Task instructions:
Each entry is to be repeated word for word, and the images are to be dropped.
[Exercise input — start]
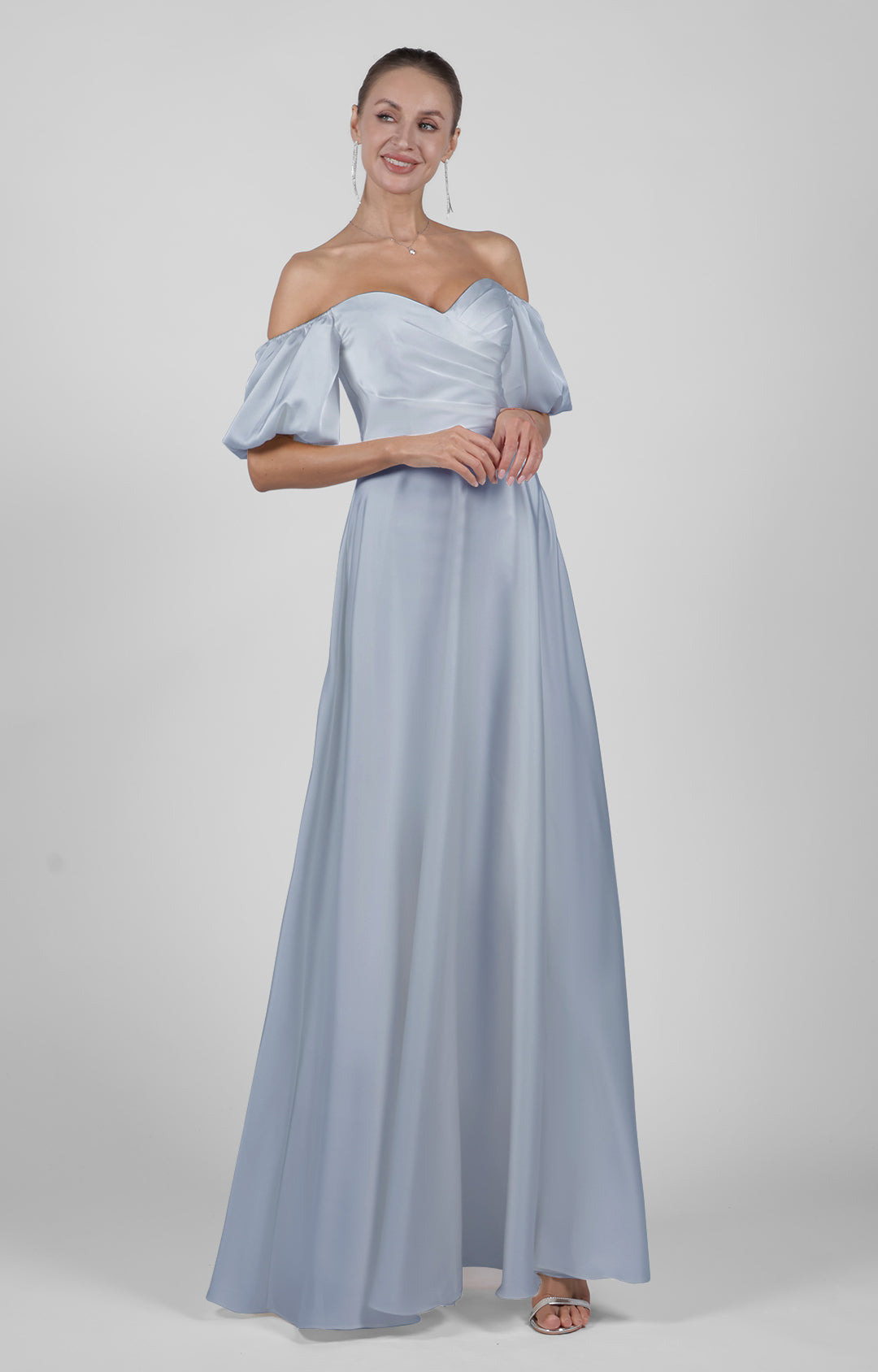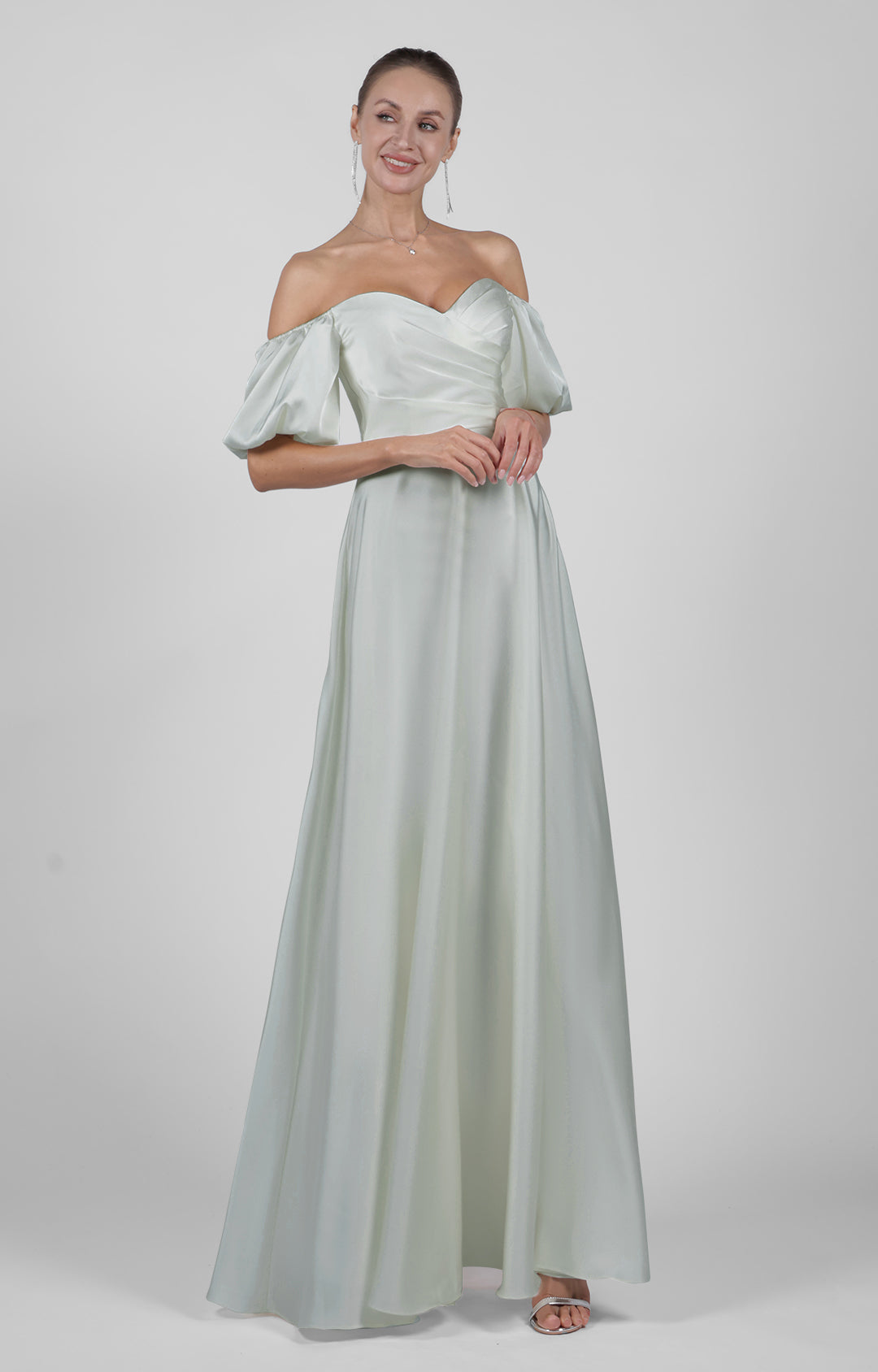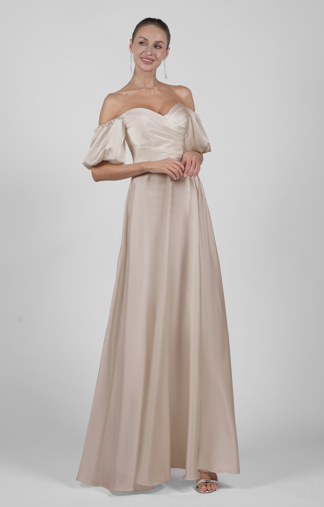 Off-Shoulder Puffy Sleeve Bridesmaid Maxi Dress
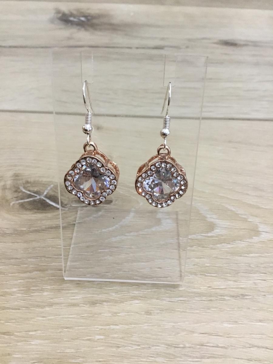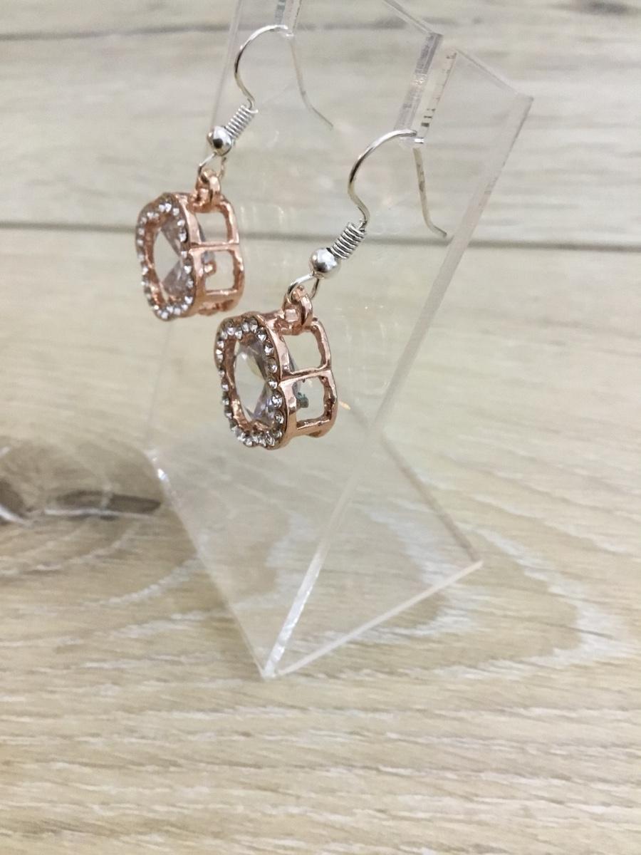 Rose, gold, toned, clear, rhinestone earrings
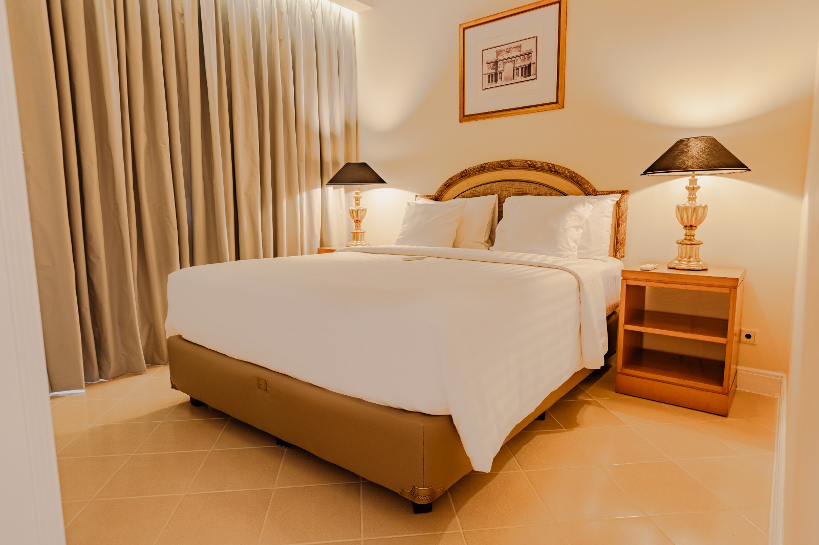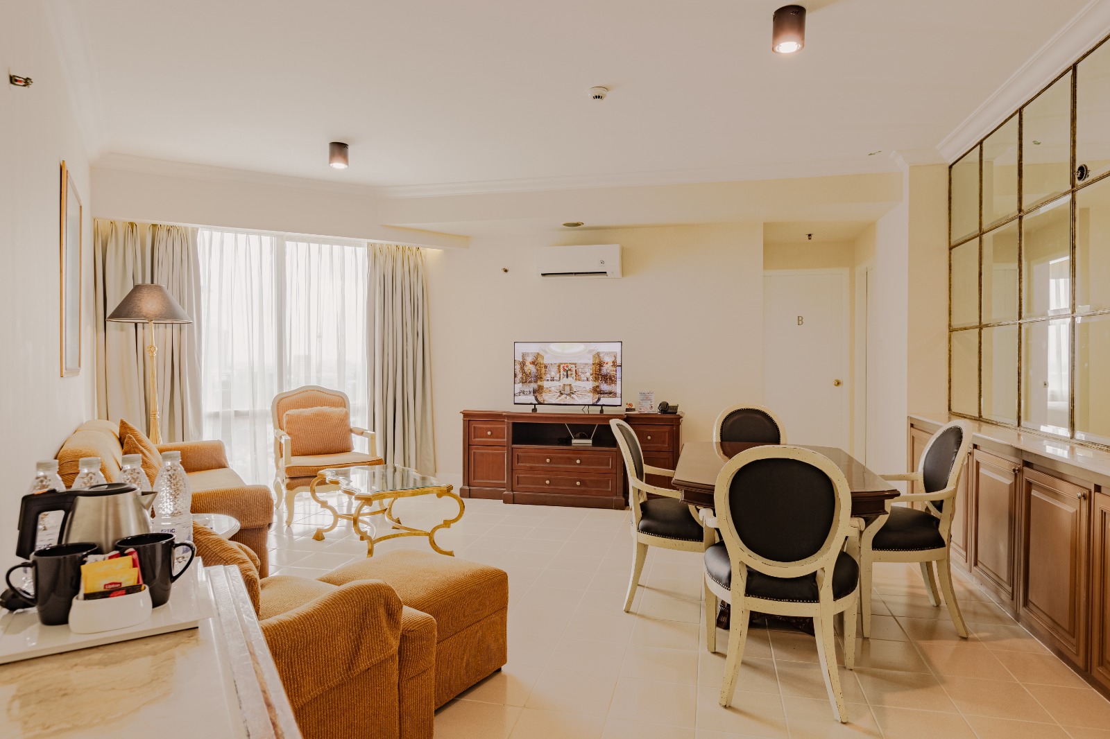 Book Now For Rp. 2500000Experience the living in art of our 118 m2 three bedroom which is fully furnished with classic contemporary comforts. Each bedroom comprises a Queen-sized bed (160 cm x 200 cm), which can be made up as a twin bed for a group long-term stay.
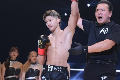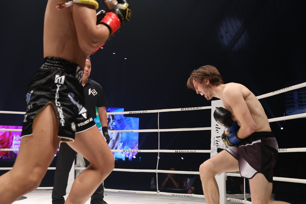 さらに龍聖がクラークをロープに詰めて左ボディとインカーフ。クラークも左ストレートを返すが、前に出る龍聖がインカーフを蹴り、パンチを上に振ってから右ボディアッパー。最後は右の三日月蹴りを突き刺して、クラークを悶絶させて鮮やかなKO勝ちを収めた。
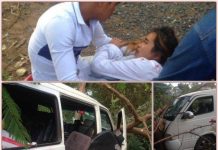 កំពុងបើកបរដេកមួយភាំងភ្ញាក់ឡើងក្បាលជាប់ដើមឈើ
[Exercise input — finish]
Result of the exercise:
 Off-Shoulder Puffy Sleeve Bridesmaid Maxi Dress
 Rose, gold, toned, clear, rhinestone earrings
 Book Now For Rp. 2500000Experience the living in art of our 118 m2 three bedroom which is fully furnished with classic contemporary comforts. Each bedroom comprises a Queen-sized bed (160 cm x 200 cm), which can be made up as a twin bed for a group long-term stay.
 さらに龍聖がクラークをロープに詰めて左ボディとインカーフ。クラークも左ストレートを返すが、前に出る龍聖がインカーフを蹴り、パンチを上に振ってから右ボディアッパー。最後は右の三日月蹴りを突き刺して、クラークを悶絶させて鮮やかなKO勝ちを収めた。
 កំពុងបើកបរដេកមួយភាំងភ្ញាក់ឡើងក្បាលជាប់ដើមឈើ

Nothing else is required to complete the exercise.